My TECO VFD allows me to program both speed and acceleration for startup (and also for braking at shutdown). But is also limits current to protect itself. So your advice here is good.



Tom Kitta said:


> If you have VFD exactly same as motor nameplate it may turn off with overload close to motor HP - not power factor. Hence good idea to go say 20% over. Cost and extra power use are insignificant. Also it is for unlikely scenario whereas you are hogging something off.



This is the advice I've seen elsewhere. Basically giving the VFD some margin when the going gets tough. If there had been a 20% option I would have gone that way. But the next size up was 50% so I went overkill.



Tom Kitta said:


> As for the motor - bigger size is for slow speed. As motor moves slowly it produces LESS power - horsepower equals torque multiplied by rpm. *H = T x rpm/5252. *So if you run at 15hz and speed is only 1/4 you end up with smaller motor. So if you keep 2hp motor in your lathe, run at 1/4 of the speed you end up with 0.5hp motor. Sure the torque is the same as picture shows but the amount of work you can do - like cutting metal is decreased by a factor of 4. That is a huge drop.



This is a great way to say it Tom. I might be putting words in your mouth, but a corollary to your description is: If you can't, or don't want to, buy a bigger machine to handle the extra "work" of big deep low rpm cuts to accommodate the high surface speeds of big diameter parts on a lathe or big diameter cutters on a mill, a VFD does what it can (within limits) to maintain torque on your existing machine. But you might have to reduce the chip load (make shallower cut or reduce feed speed) to compensate. I think we can all live with that. 

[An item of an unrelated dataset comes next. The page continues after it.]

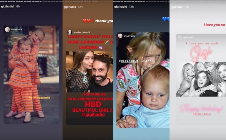 Antara insan rapat yang memberi ucapan adalah Anwar Hadid, Bella Hadid, Taylor Swift dan pereka fesyen Giambattista Valli.

I fundamentally agree that bigger is better. But some of us simply can't afford it, or don't have the room, or can't get it down the stairs. A VFD can't turn our little machines into big ones but it will let our little machines do way more than they could otherwise. The price we pay for that "advantage" is a lower rate of doing work (lower volume of chips) in a given length of time.


----------



## Degen (Dec 31, 2021)

Something that is important to know is that there are motors designed specifically for VFD's and their curves are flatter.  Before you go Yah Hoo, they are way more expensive.

However, I've converted my mill from single phase to 3 phase and can say considering the slight compromised in HP and Torque, I cab state the benefits far outweigh these.

They include:
-Lower power useage (start up doesn't have high in rush currents), I have seen  drop in power consumption as a direct result, motor start up cost serious power, VFD eliminates it.
-Tweaking the cutter speed for best performance and better cuts.
-significantly increasing rpms that take advantage of modern cutters improving both cut and performance.
-Significantly decreasing rpms to help reduce large cutter chatter.

That all said, form me I like a linear response on VFD, so I set my upper limit at 100 Hz and the bottom at 20 hz (+/-40hz) so when controlled by manually or controller it is equal in both directions.  Second high start up curves should be avoided as loads increase (speeds) more can't keep up and the controller backs off.

BTW my first experiences with VFD's was 30 years ago in the elevator industry having sold the first and second modernization installation in Canada, had to learn a lot to be able to sell it to the customer (and being techie, just loved learning the new tech).


----------



## Darren (Dec 31, 2021)

Almost all VFD's will accept single phase input, and function fine, even if the data tag says 3ph input. Check the manual, usually found online. You'll have to derate the drive, ie 7.5hp drive becomes a 5hp drive on single phase. You'll have to be able to turn off 'phase loss detection' or similar, so the drive doesn't shut down thinking it lost an input phase.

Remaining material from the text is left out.